После завтрака снялись с места, подошли к каравану, подчалились. Миша, увидев Костю в рубке с Василием, и поднялся к ним. Закончив подписывать какие-то бумаги, Костя повернулся к  Мише.
- Ну что, давай прощаться? Вряд ли ещё свидимся. Редко здесь ненашенские приживаются. Места суровые, да работа тяжелая.
- Да ладно ты мужика то пугать, - заступился Василий. – Глядишь еще, и попривыкнет, дай и останется. Найдем ему подругу - спутницу жизни.
- Оно и то верно. Че по стране то мыкаца. На одном месте камень мохом обрастает.
- Ладно, Костя прощевай, если че не так, не обижайся. – попрощался Миша.
- Да че мне на тебя обижаться то, я чай не баба, живы будем, свидимся.
Крепко пожав друг, другу руки, глядя в глаза, с какой-то едва заметной задержкой, как это обычно бывает между мужчинами. Когда вдруг чувствуешь вторым чувством, что это и есть стоящий, с которым можно в разведку. Разошлись.

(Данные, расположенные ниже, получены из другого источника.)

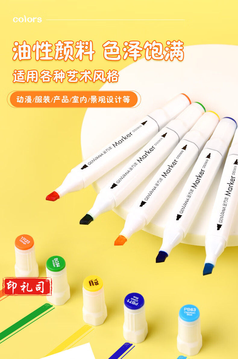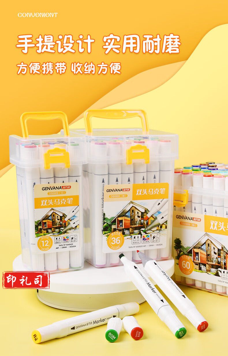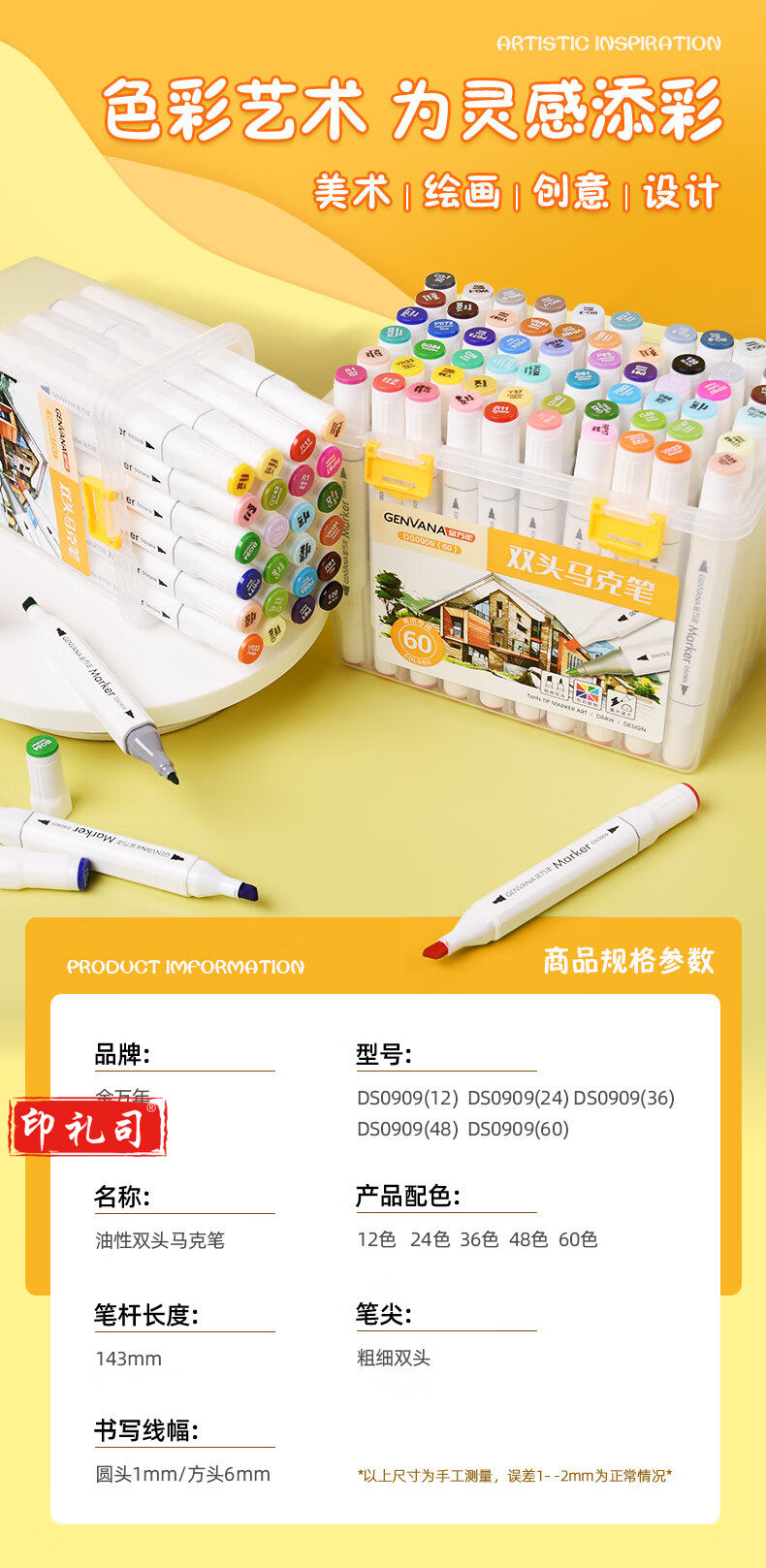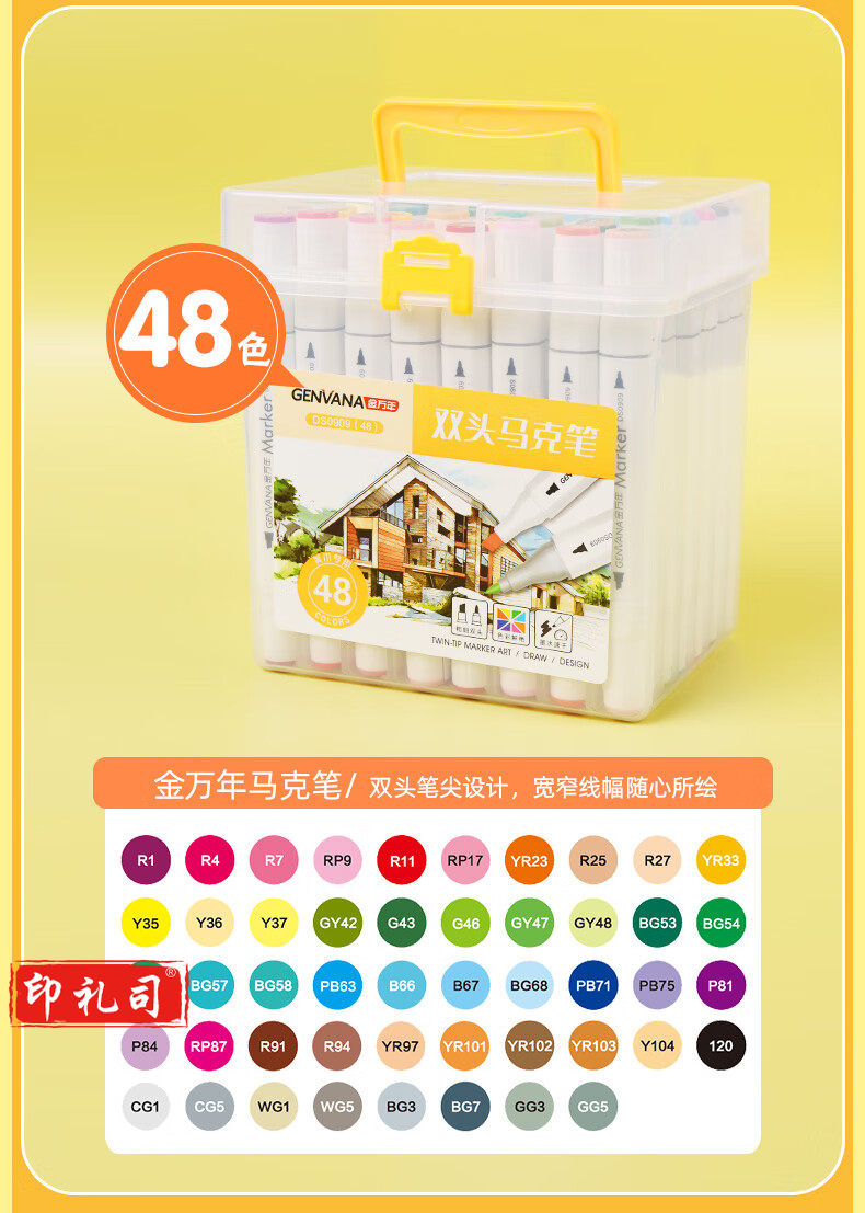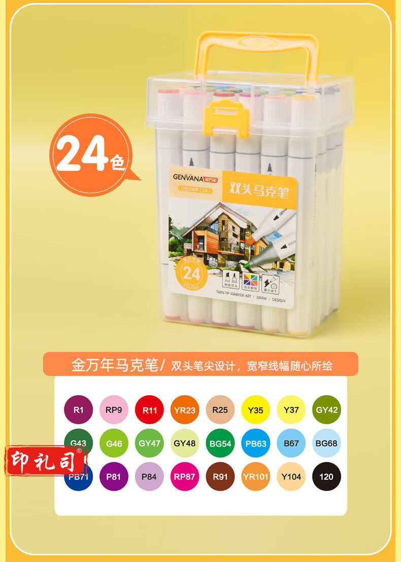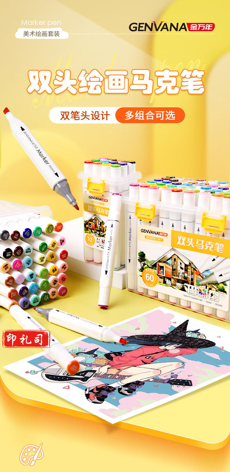 金万年(Genvana)双头马克笔双头48色学生绘画美术专用笔60色不透色油性马克笔套装 【24色套装】圆柱笔杆

ПТС дал сигнал, который эхом раскатился по островам, подняв стаи не пуганых птиц, и натружено натянул толстый трос. Караван дернулся и неохотно поддался движению. Незримая непонятная тоска охватила Михаила. Вот так всю жизнь. Встречи да проводы. А ведь со времен войны небыло у него ни одного настоящего друга. Такого чтобы можно было положиться на него, как на самого себя. Как на брата родного. Что бы сесть вот так, поговорить, раскрыть душу. Рассказать о самом больном, сокровенном. Что б выплеснуть все и стало б  на душе так легко. От того что тебя понимают, тебе сочувствуют. А такого накопилось у Мишки, вагон и маленькая тележка. И не было рядом никого.

***

Из Рима Миша летел на огромном авиалайнере. Во время полета подавали еду и напитки. За иллюминатором тянулась цепь облаков, а в низу, под самолетом, они были похожи на огромные горы из ваты. Казалось, прыгни сейчас вниз и утонишь в бескрайних ватных просторах. На душе у Мишки была радость. С того момента как ему пришло письмо из посольства. Он почувствовал себя нужным Родине.
В посольстве, куда он незамедлительно приехал, после полученного письма, к нему отнеслись с пониманием. Предложили кофе, выслушали его  страшную историю о ранение и плене. Сказали, что великий Советский Союз не бросает своих сыновей. Предложили поехать на Родину, увидится с мамой. И неважно где он хочет проживать впоследствии. Захочет вернуться назад в Италию, пожалуйста! Его ни кто держать не будет. Главное, что бы он понял, что он  такой же русский, как все и имеет все права  поехать на Родину. Что в России уже нет этого демона по фамилии Сталин.
 И может, даже, если захочет, взять с собой жену. У Мишки пела душа, сердце казалось, выскачет из груди. Вот они родные. Наши! Не бросили! И что с того, что не сразу после войны. Не до него было, да и сам он дурак, повелся на уговоры Боба. Вот если бы тогда, проявил чуть больше смелости и не струсил перед его страшными рассказами, о том, как  русские расстреливают бывших пленных. В голове неслось, как увидит маму, как все ей расскажет. И она, конечно же, его поймет. Поймет до конца, до самой мелочи. И не осудит, ведь это же мама, а иначе и быть не должно.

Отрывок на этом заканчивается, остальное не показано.